Motherhood never takes a day off — especially during a global pandemic.
At Manifest Boston, we're fortunate to have two wonderful moms on our tiny team of eight who not only spend their days at home developing amazing partnerships and making critical connections for our organization, but also taking care of their families (with all the cooking, cleaning, educating, and entertaining that involves). In celebration of Mother's Day, we're highlighting tips and tricks from these hardworking women for balancing parenting while working from home. We hope they will inspire others sharing a similar experience.

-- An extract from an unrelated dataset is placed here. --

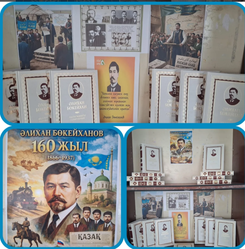 В библиотеке школы была оформлена книжная выставка к 160- летию со дня рождения Алихана Бокейханова ( 1866-1937)- выдающегося казахского общественного деятеля, лидера партии "Алаш" и главы правительства "Алаш- Орда".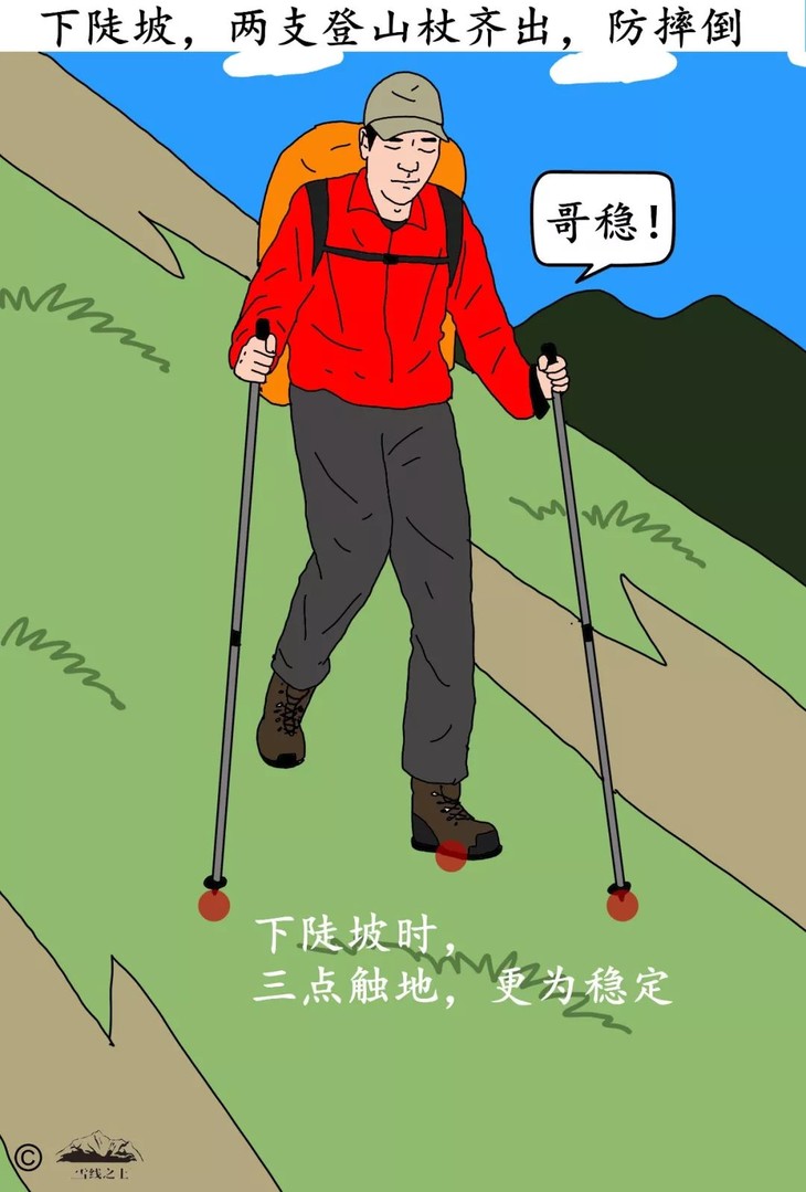 下坡时步幅要比上坡时更小,碎步下行更安全、更省关节。

First, a few ideas from our Director of Business Development, Anna Raborn:
- "Get outside. Set aside some time each day to get away from screens and go for a walk. Observe urban nature and connect as a family. This also gets the kids' energy out so you can get through your next meeting.

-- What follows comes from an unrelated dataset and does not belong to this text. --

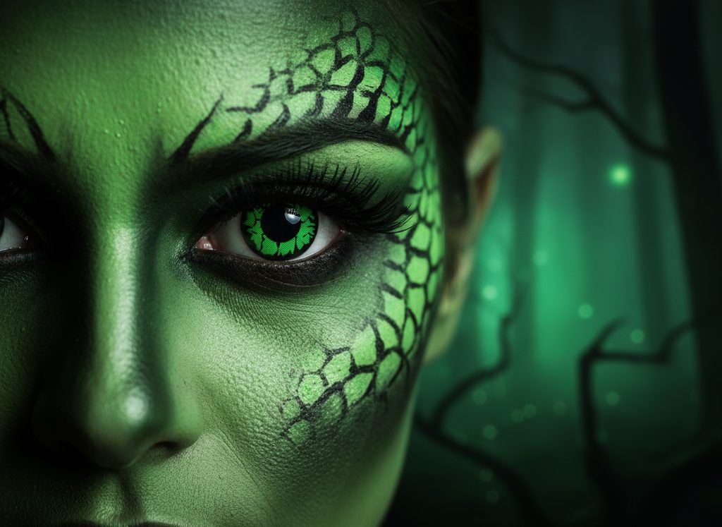 Goblin: non-prescription coloured lenses with a dark and eerie design that gives your eyes a spooky and fantastic look. The ideal choice for cosplay, Halloween, or themed makeup inspired by fantasy worlds and horror characters!

- Spend at least 10 minutes of quality time with each kid, doing what they want to do. A little attention goes a long way in terms of behavior in our family. If my kids feel like I'm listening to them, learning something about them, and seeing them as they are, they tend to be less competitive for attention throughout the day. This practice has helped us find a lot of harmony in our home.
- Encourage independence. We've tried to set up our home so anything our four-year-old needs is within his reach. This has helped tremendously, as he's learning to be helpful during school or snack time. (Plus, it limits my juggling of snacks while chatting with coworkers on Zoom.
- Have grace with yourself, your partner, your kiddos. This is tough for EVERYONE. If you are like me, you've had days where your kids watch 8 hours of TV, and days where you've done it all (you've homeschooled, cooked dinner, worked with integrity, and started the laundry). Each day is different, so give yourself time, space, and love. We will all get through this."
"I've been finding some balance by sticking to a few principles.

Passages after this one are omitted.